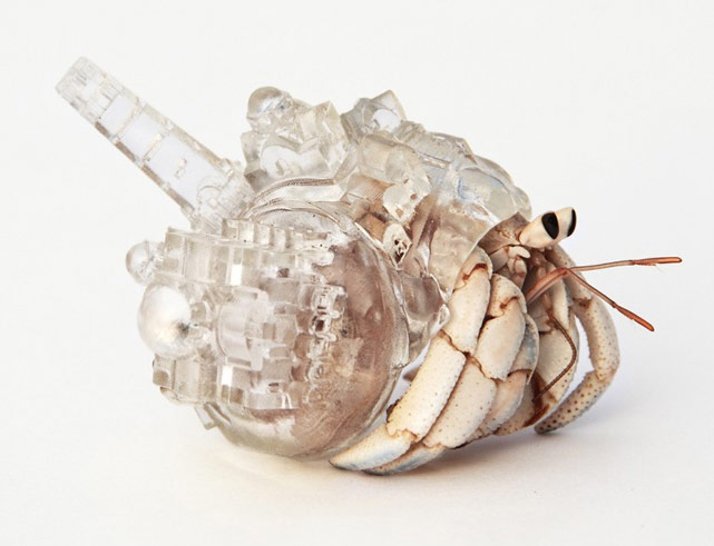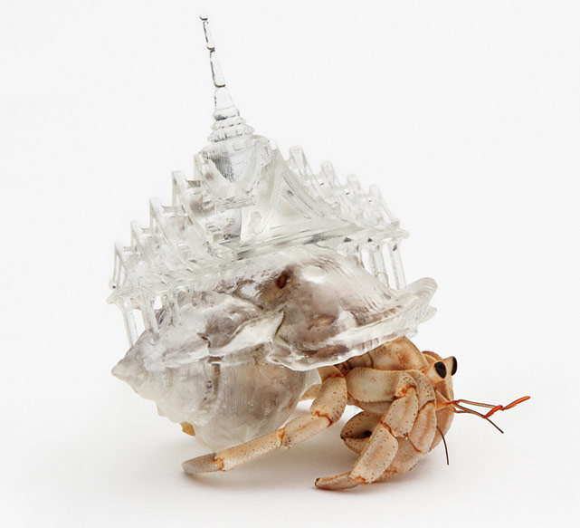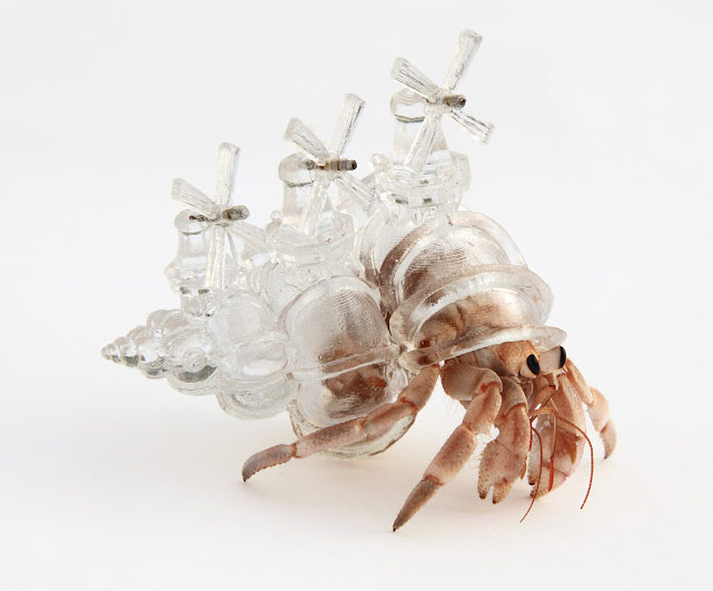 No projeto “Why Not Hand Over a ‘Shelter’ to Hermit Crabs?” [Por Que Não Entregar Uma Concha para o Caranguejo Ermitão?] ela cria carapaças de plástico influenciada pela arquitetura de grandes cidades e, com a ajuda de uma impressora 3d, entrega as novas “casinhas” para os crustáceos, também conhecidos comopaguro e eremita.
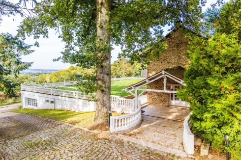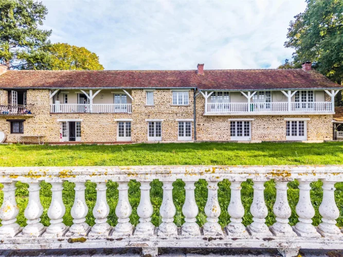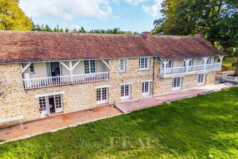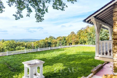 This stone-built property set in over 3 leafy hectares offers great potential for functions. It includes a near 140 sqm reception room with wide patio windows opening onto an over 700 sqm lawned terrace, a kitchen for caterers, and sanitary facilities. The upper floor comprises a near 69 sqm reception room with an insert fireplace, a spacious kitchen, three bedrooms (two with shower rooms, one with a bathroom), and a dressing room.
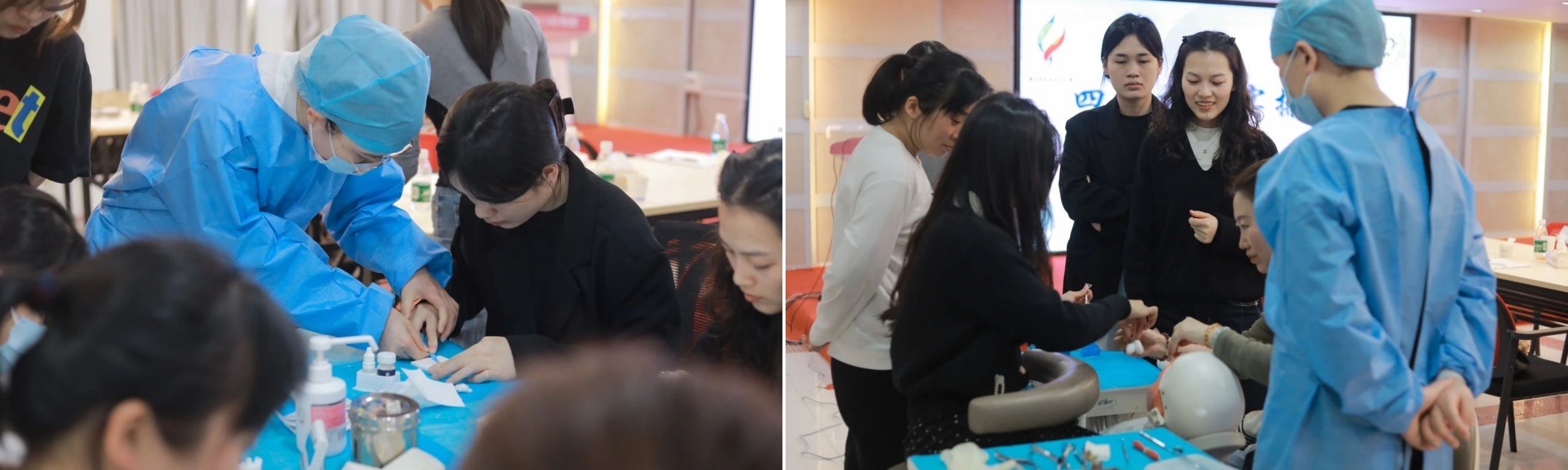 實訓現場,學員們(men) 全情投入,導師們(men) 穿梭指導。一位學員由衷感歎:“看似簡單的動作,原來藏著這麽(me) 多學問!隻有千錘百煉,才能讓肌肉記憶成為(wei) 專(zhuan) 業(ye) 底氣。”當最後一位學員成功調拌出完美印模時,夕陽的餘(yu) 暉已為(wei) 實訓室披上金色的榮光。

EXERCISE REQUIREMENTS: Reproduce the material word for word. Skip every picture it holds.

OUTPUT OF THE EXERCISE:
 No projeto “Why Not Hand Over a ‘Shelter’ to Hermit Crabs?” [Por Que Não Entregar Uma Concha para o Caranguejo Ermitão?] ela cria carapaças de plástico influenciada pela arquitetura de grandes cidades e, com a ajuda de uma impressora 3d, entrega as novas “casinhas” para os crustáceos, também conhecidos comopaguro e eremita.
 This stone-built property set in over 3 leafy hectares offers great potential for functions. It includes a near 140 sqm reception room with wide patio windows opening onto an over 700 sqm lawned terrace, a kitchen for caterers, and sanitary facilities. The upper floor comprises a near 69 sqm reception room with an insert fireplace, a spacious kitchen, three bedrooms (two with shower rooms, one with a bathroom), and a dressing room.
 實訓現場,學員們(men) 全情投入,導師們(men) 穿梭指導。一位學員由衷感歎:“看似簡單的動作,原來藏著這麽(me) 多學問!隻有千錘百煉,才能讓肌肉記憶成為(wei) 專(zhuan) 業(ye) 底氣。”當最後一位學員成功調拌出完美印模時,夕陽的餘(yu) 暉已為(wei) 實訓室披上金色的榮光。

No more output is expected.